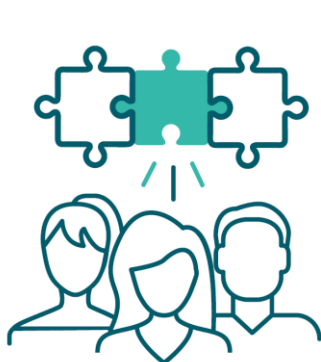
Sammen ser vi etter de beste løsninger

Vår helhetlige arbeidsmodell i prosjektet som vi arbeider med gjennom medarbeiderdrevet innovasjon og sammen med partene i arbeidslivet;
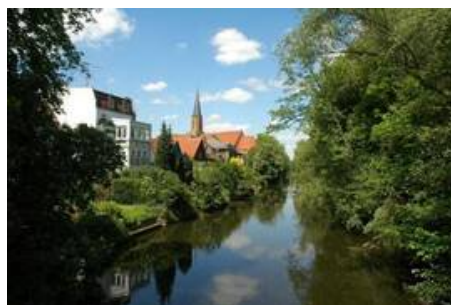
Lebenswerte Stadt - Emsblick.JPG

....

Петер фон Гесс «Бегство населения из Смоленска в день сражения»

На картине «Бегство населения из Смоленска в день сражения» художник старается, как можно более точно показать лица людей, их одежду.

....

### THE PROBLEM
Once the line with "Vår helhetlige arbeidsmodell" is found above, transcribe each line from it through the line with "Lebenswerte Stadt - Emsblick.JPG", exactly, and omit the pictures.

### REPLY
Vår helhetlige arbeidsmodell i prosjektet som vi arbeider med gjennom medarbeiderdrevet innovasjon og sammen med partene i arbeidslivet;
Lebenswerte Stadt - Emsblick.JPG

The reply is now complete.